Virgin Galactic has recently endured a rocky road financially, with substantial losses in the last two quarters, but is intent on pushing ahead with the development of next-gen aviation technologies – this time with NASA onboard. The company has today announced a new partnership with the space agency, which will see the two work together to accelerate the age of high-speed vehicles for commercial aviation.
Back In February, Virgin Galactic launched a new program to secure reservations for its first suborbital flights via US$1,000 deposits, with 400 folks making the downpayment since. This came as the company reported a $73-million loss in the final quarter of 2019, which has been followed by a $60-million loss in the first quarter of 2020.

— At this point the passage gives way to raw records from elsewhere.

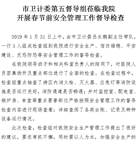 市卫计委第五督导组莅临成人导航 开展春节前安全管理工作督导检查
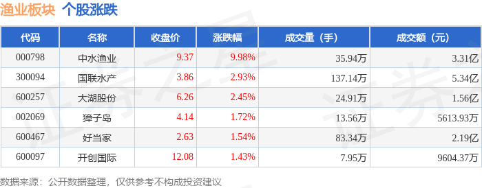 从资金流向上来看,当日渔业板块主力资金净流入1.37亿元,游资资金净流出5917.14万元,散户资金净 流出7823.16万元。渔业板块个股资金流向见下表: 证券之星消息,11月14日渔业板块较上一交易日上涨3.31%,中水渔业领涨。当日上证指数报收于 3990.49,下跌0.97%。深证成指报收于13216.03,下跌1.93%。渔业板块个股涨跌见下表: | 代码 | 名称 | 收盘价 | 涨跌幅 | 成交量(手) | 成交额(元) | | --- | --- | --- | --- | --- | --- | | 000798 | 中水渔业 | 9.37 | 9.98% | 35.94万 | 3.31 Z | | 300094 | 国联水产 | 3.86 | 2.93% | 137.14万 | 5.34亿 | | 600257 | 大湖股份 | 6.26 | 2.45% | 24.91万 | 1.56亿 | | 002069 | 獐子岛 | 4.14 | 1.72% | 13.56万 | 5613.93万 | | 600467 | 好当家 | 2.63 | 1.54% | 83.34万 | 2.19亿 | ...
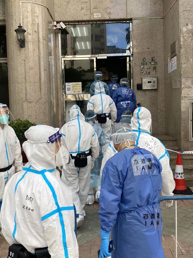 In the early hours of today (21 July), the Municipal Affairs Bureau (IAM) carried out the large-scale cleaning and disinfection of the public space in Edf. Kinglight Garden (Kam Yuen), and set up temporary nucleic acid sampling station and frontline coordination station in the lockdown and precautionary zone. For any enquiries about pandemic prevention measures, the public may call the enquiry hotline of the Novel Coronavirus Response and Coordination Centre at 28700800.
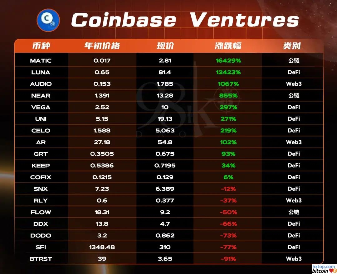 未发币项目总数量为19个,其中基础设施项目有8个,占比42%,其次是DeFi和GameFi项目。 Coinbase Ventures机构介绍:隶属于Coinbase的风险投资基金,总部位于旧金山,主要投资早期的加密货币和区块链初创公司,投资倾向是开放式的金融解决方案。 以下数据为Polychain Capital所投资且已发币项目在2021年的币价表现:
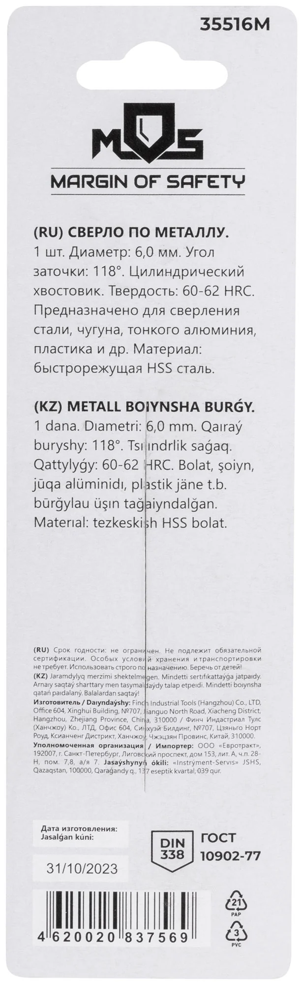 Выберите сверло MOS 35516М, чтобы обеспечить точность и надежность в ваших проектах по металлообработке.
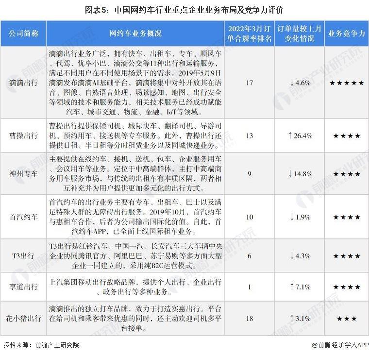 据前瞻产业研究院发布的中国网约车行业重点企业业务布局及竞争力评价称,滴滴的业务竞争力依然是五颗星,是所有网约车服务提供商中最高的。
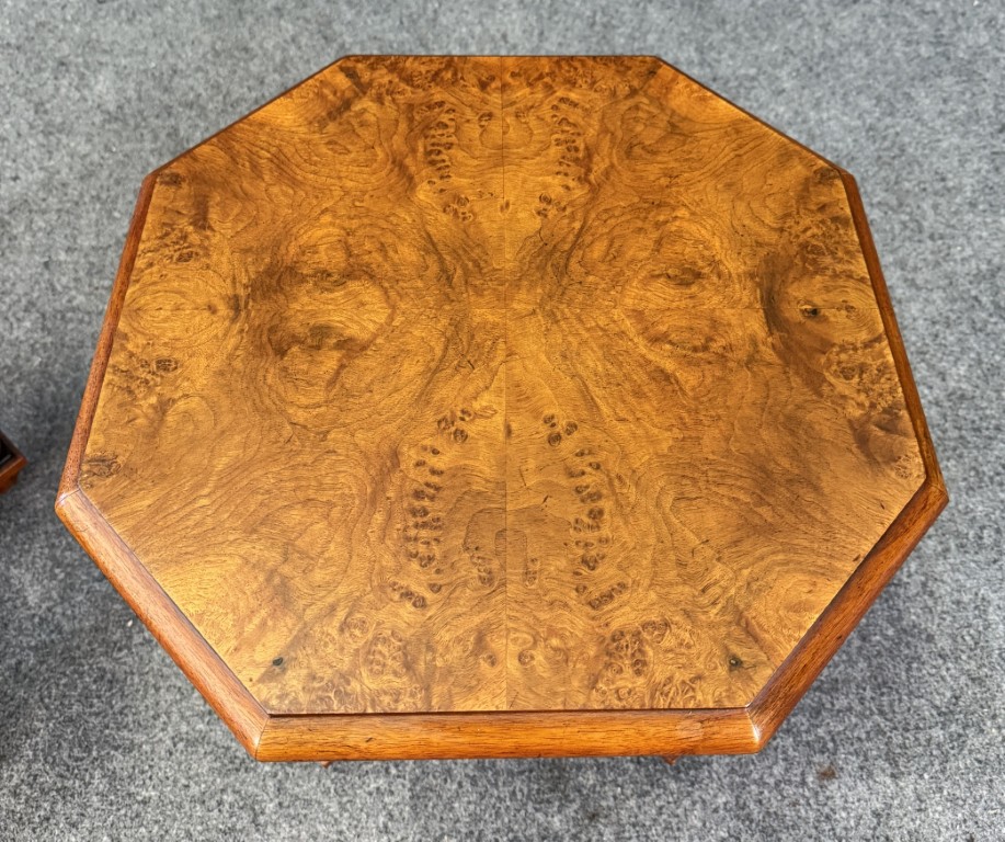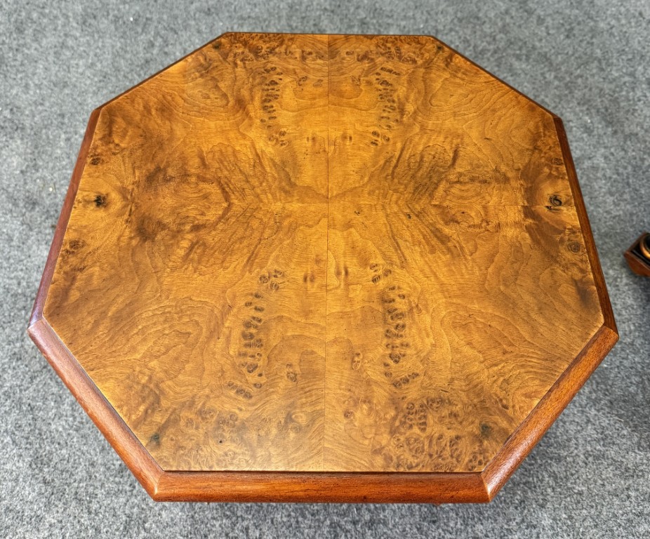 Pair of Baker Neoclassical Burl Walnut Octagonal Side Tables

While it hopes demand among tourists wanting to travel to the edge of space can continue to address revenue shortages, the company is simultaneously setting its sights a little closer to home. The new Space Act Agreement with NASA, which also includes Virgin Galactic subsidiary The Spaceship Company, is geared toward producing high-Mach vehicles for potential civil applications in the US, with the company hoping to tap into the agency’s expertise in engineering and flight testing to that end.
“This Space Act Agreement will enable NASA to collaborate with Virgin Galactic and The Spaceship Company to allow our organizations to take advantage of new tools, techniques, and technologies developed over the last 50 years and to explore potential new solutions for the commercial aviation industry,” says Dr. James Kenyon, Director of the NASA Aeronautics Advanced Air Vehicles Program.
According to Virgin Galactic, the collaboration will seek to develop develop high-speed air vehicles for point-to-point travel in the US, with a big focus on customer experience and environmental sustainability.
“Virgin Galactic’s unique experience and innovative technology platform will, in partnership with the historic capabilities of NASA and other government agencies, enable the progression of new technical steps that will improve US competitiveness,” says George Whitesides, CEO of Virgin Galactic Holdings. “We see this as an area with tremendous growth potential that we will continue to invest in, alongside our commercial spaceflight operations.”